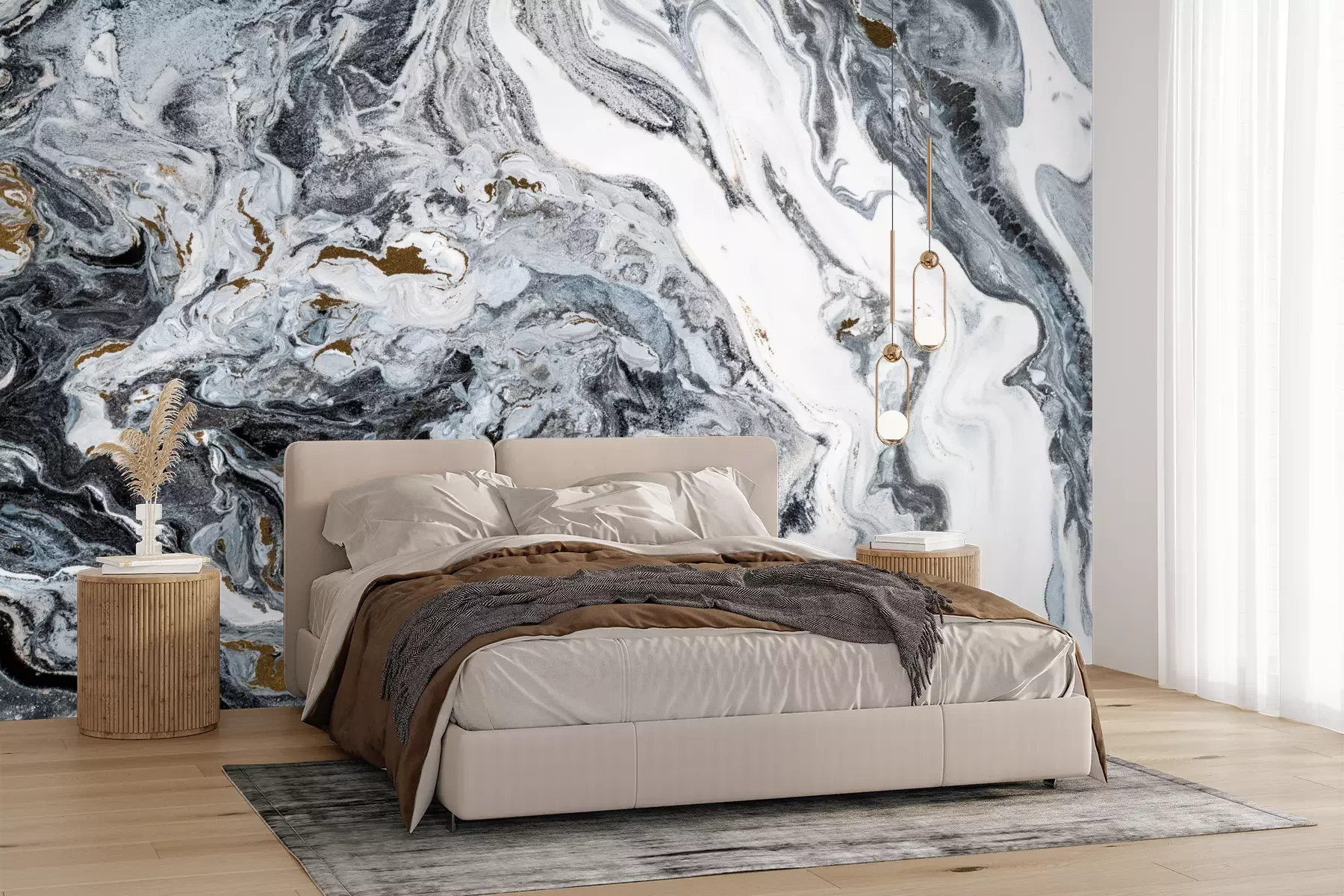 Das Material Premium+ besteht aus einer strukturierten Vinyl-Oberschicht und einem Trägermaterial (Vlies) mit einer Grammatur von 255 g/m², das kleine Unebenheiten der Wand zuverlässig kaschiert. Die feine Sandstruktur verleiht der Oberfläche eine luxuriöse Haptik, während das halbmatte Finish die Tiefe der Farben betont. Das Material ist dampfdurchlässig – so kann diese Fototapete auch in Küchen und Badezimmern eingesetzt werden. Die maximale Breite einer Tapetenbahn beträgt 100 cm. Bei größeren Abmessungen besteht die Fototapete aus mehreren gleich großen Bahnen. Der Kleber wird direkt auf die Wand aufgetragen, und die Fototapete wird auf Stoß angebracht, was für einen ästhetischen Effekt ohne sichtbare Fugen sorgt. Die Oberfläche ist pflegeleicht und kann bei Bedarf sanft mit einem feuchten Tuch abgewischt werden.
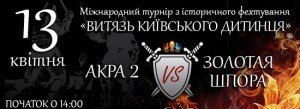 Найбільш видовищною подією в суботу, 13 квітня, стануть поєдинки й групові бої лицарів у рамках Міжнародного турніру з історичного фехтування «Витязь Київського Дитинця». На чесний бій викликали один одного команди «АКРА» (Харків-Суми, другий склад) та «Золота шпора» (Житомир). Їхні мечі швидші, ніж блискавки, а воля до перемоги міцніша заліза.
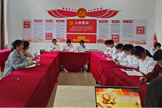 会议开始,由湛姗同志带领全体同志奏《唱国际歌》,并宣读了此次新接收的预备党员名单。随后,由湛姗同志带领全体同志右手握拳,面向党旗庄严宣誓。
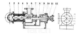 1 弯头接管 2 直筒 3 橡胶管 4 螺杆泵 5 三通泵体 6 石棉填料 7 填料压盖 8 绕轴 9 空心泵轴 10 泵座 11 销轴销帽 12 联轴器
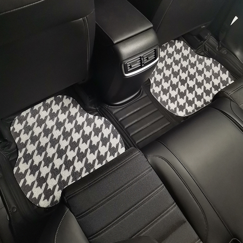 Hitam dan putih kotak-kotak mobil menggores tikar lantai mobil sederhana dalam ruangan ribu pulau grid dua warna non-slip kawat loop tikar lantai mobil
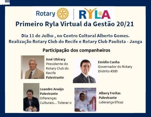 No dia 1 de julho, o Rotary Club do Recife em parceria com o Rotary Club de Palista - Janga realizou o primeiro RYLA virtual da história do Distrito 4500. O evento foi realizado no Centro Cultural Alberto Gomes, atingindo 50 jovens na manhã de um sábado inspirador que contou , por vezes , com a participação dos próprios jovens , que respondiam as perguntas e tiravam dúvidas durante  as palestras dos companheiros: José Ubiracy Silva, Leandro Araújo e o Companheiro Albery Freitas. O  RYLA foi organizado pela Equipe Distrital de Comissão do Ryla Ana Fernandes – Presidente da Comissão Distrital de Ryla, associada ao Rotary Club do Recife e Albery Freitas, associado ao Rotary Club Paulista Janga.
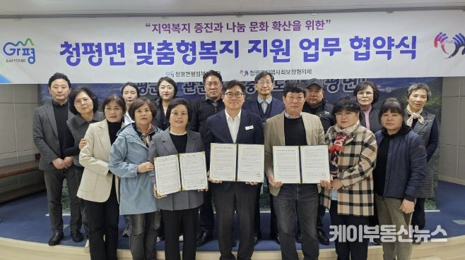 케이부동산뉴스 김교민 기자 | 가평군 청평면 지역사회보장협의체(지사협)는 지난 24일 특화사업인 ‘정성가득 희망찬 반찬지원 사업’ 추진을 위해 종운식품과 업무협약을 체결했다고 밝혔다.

=-=-=

Write out the entries again, word for word. No images.

 Das Material Premium+ besteht aus einer strukturierten Vinyl-Oberschicht und einem Trägermaterial (Vlies) mit einer Grammatur von 255 g/m², das kleine Unebenheiten der Wand zuverlässig kaschiert. Die feine Sandstruktur verleiht der Oberfläche eine luxuriöse Haptik, während das halbmatte Finish die Tiefe der Farben betont. Das Material ist dampfdurchlässig – so kann diese Fototapete auch in Küchen und Badezimmern eingesetzt werden. Die maximale Breite einer Tapetenbahn beträgt 100 cm. Bei größeren Abmessungen besteht die Fototapete aus mehreren gleich großen Bahnen. Der Kleber wird direkt auf die Wand aufgetragen, und die Fototapete wird auf Stoß angebracht, was für einen ästhetischen Effekt ohne sichtbare Fugen sorgt. Die Oberfläche ist pflegeleicht und kann bei Bedarf sanft mit einem feuchten Tuch abgewischt werden.
 Найбільш видовищною подією в суботу, 13 квітня, стануть поєдинки й групові бої лицарів у рамках Міжнародного турніру з історичного фехтування «Витязь Київського Дитинця». На чесний бій викликали один одного команди «АКРА» (Харків-Суми, другий склад) та «Золота шпора» (Житомир). Їхні мечі швидші, ніж блискавки, а воля до перемоги міцніша заліза.
 会议开始,由湛姗同志带领全体同志奏《唱国际歌》,并宣读了此次新接收的预备党员名单。随后,由湛姗同志带领全体同志右手握拳,面向党旗庄严宣誓。
 1 弯头接管 2 直筒 3 橡胶管 4 螺杆泵 5 三通泵体 6 石棉填料 7 填料压盖 8 绕轴 9 空心泵轴 10 泵座 11 销轴销帽 12 联轴器
 Hitam dan putih kotak-kotak mobil menggores tikar lantai mobil sederhana dalam ruangan ribu pulau grid dua warna non-slip kawat loop tikar lantai mobil
 No dia 1 de julho, o Rotary Club do Recife em parceria com o Rotary Club de Palista - Janga realizou o primeiro RYLA virtual da história do Distrito 4500. O evento foi realizado no Centro Cultural Alberto Gomes, atingindo 50 jovens na manhã de um sábado inspirador que contou , por vezes , com a participação dos próprios jovens , que respondiam as perguntas e tiravam dúvidas durante  as palestras dos companheiros: José Ubiracy Silva, Leandro Araújo e o Companheiro Albery Freitas. O  RYLA foi organizado pela Equipe Distrital de Comissão do Ryla Ana Fernandes – Presidente da Comissão Distrital de Ryla, associada ao Rotary Club do Recife e Albery Freitas, associado ao Rotary Club Paulista Janga.
 케이부동산뉴스 김교민 기자 | 가평군 청평면 지역사회보장협의체(지사협)는 지난 24일 특화사업인 ‘정성가득 희망찬 반찬지원 사업’ 추진을 위해 종운식품과 업무협약을 체결했다고 밝혔다.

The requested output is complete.